One obvious financing risk is that the buyer can over-leverage the whole transaction. This scenario leaves the business unprepared to handle unexpected issues – which are likely to happen. This situation can create financial problems from the start, which are very hard to fix. The CEPA helps the management team develop contingency plans and take actions to protect the enterprise value of the business.

Another risk related to over-leveraging is the use of operational financing to cover part of the initial purchase cost. For example, a company could factor all outstanding receivables at purchase time and then uses those funds to pay the seller. This approach leaves the company with minimal working capital, since most invoice payments for the next 30 to 60 days have already been used to pay the seller. You may then be forced to delay supplier payments or payroll. In many cases it puts the company into a financial tailspin from which it never recovers.

Collaborative Considerations

 #1 Valuation

The business value must be fair to the owner and fair to the incoming buyers. Using the inside information available to the management team, by a variety of methods the CEPA provides the same Enterprise Value Assessment (EVA) that he would before for a seller.  Buyer and seller will be operating from similar starting points.  Using the fair market value rubric would improve chances the purchase could be appropriately financed with an appropriate capital structure and should be acceptable to the seller. If the price is higher than fair market, the buyers may be unable to finance it (so the deal dies) and/or the business will suffer down the road as it struggles to repay the loan (so the business dies). If the price is lower than market, the seller will not accept it (so the deal dies).

#2 Financing

While valuation may be agreed to and at fair market, the buyer’s ability to finance in an MBO is often a challenge. Most management teams lack the liquid cash to be able to put enough of an equity investment to result in an acceptable level of debt. As a simple example, imagine a $10 million enterprise value business that could support $5 million in debt financing. The management team needs $5 million in equity to do the deal. This likely would be challenging. Here is why: Imagine a well-paid manager who is used to getting a regular monthly paycheck relatively risk free for 10 years. That paycheck now will only come if he remortgages his house, sells his investments, and borrows money from family and his wife’s family to come up with as much as he can to put in as equity. He may very well come up with the $5 million, but guess who is now questioning the viability of the business? His spouse, his parents, spouse’s parents, etc. This is not an easy situation. Fortunately, there are other options.

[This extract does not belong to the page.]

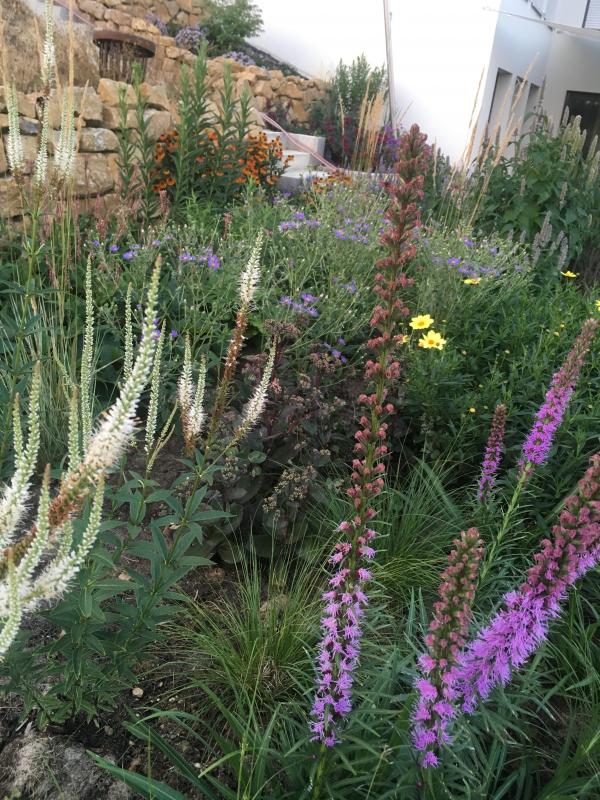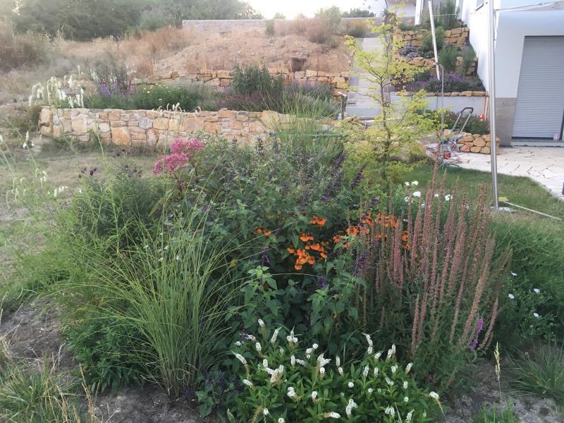Gieße lieber nicht zu viel, die Pflanzen sollen sich ja auch an die Trockenheit gewöhnen und ordentlich Wurzeln bilden. Vor allem beim Kiesbeet kann man schon gut die geplante Anmutung erkennen, sehr hübsch. :)
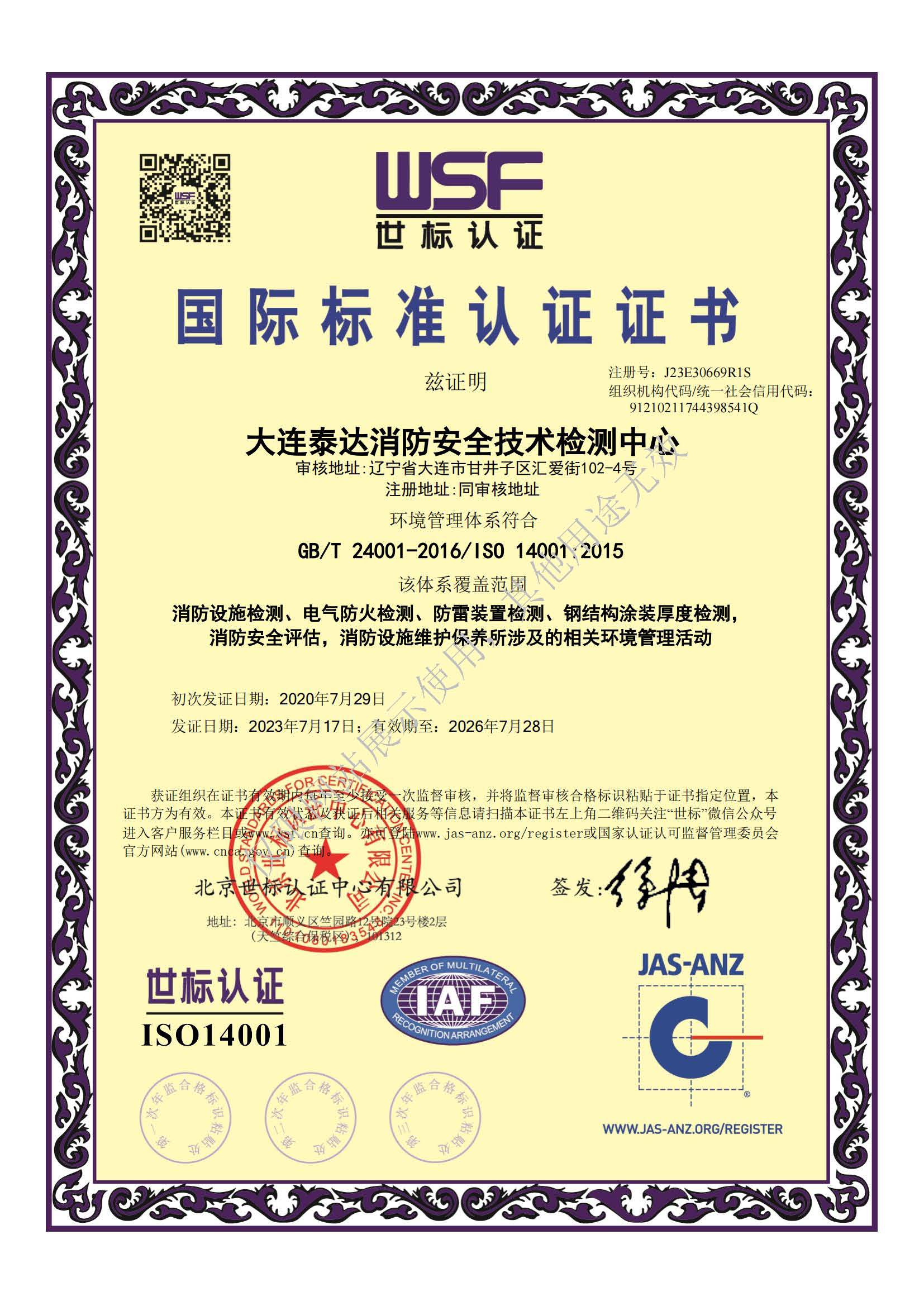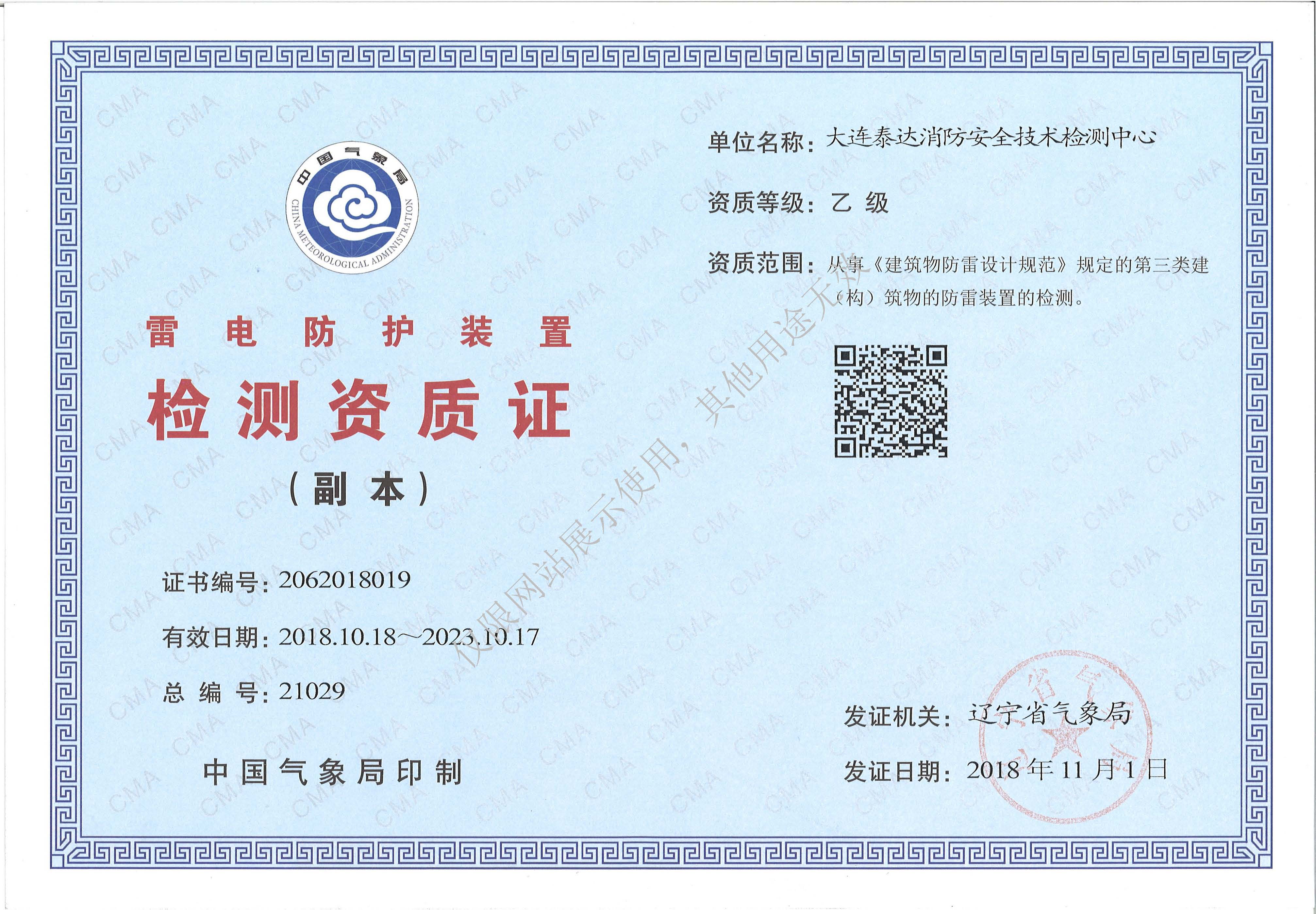 · 是經(jīng)“社會消防技術服務信息系統(tǒng)”備案并公示的消防技術服務機構,已取得中國氣象局頒發(fā)的雷電防護裝置檢測資質(zhì)證書、遼寧省質(zhì)量技術監(jiān)督局審核批準的檢驗檢測機構資質(zhì)認定證書(CMA)及包括消防檢測、電氣檢測、雷電防護裝置檢測、防火涂層厚度檢測等在內(nèi)的200余項檢驗檢測能力,取得大連市應急管理局頒發(fā)的安全生產(chǎn)標準化證書,獲得質(zhì)量管理體系、環(huán)境管理體系、職業(yè)健康安全管理體系認證證書,是經(jīng)備案的高新技術企業(yè),可獨立出具具有證明作用的檢測報告。

  • First, the Seller could loan money to the management team to buy him/her out. In the $10 million example, the seller could loan the managers $2.5 million of the $5 million but his loan would have to be subordinate (so it can be treated as equity, not debt) to the senior bank debt of $5 million. The management team now puts in $2.5 million of his own cash instead of $5 million. This arrangement creates challenges of who’s in control, what do they have control over, etc. (See below.)
  • Second, private equity investors could close the gap. large and small. There are numerous funds that are interested in succession transactions and are very willing to buy alongside managers in these transactions. Deals usually start at $10 million and go up. This often eliminates the need for a seller loan and helps management with ongoing executive support from the PE firm.

#3 Roles and Control

If an MBO is done without the seller loaning the management team any money, the deal can be smooth and straightforward.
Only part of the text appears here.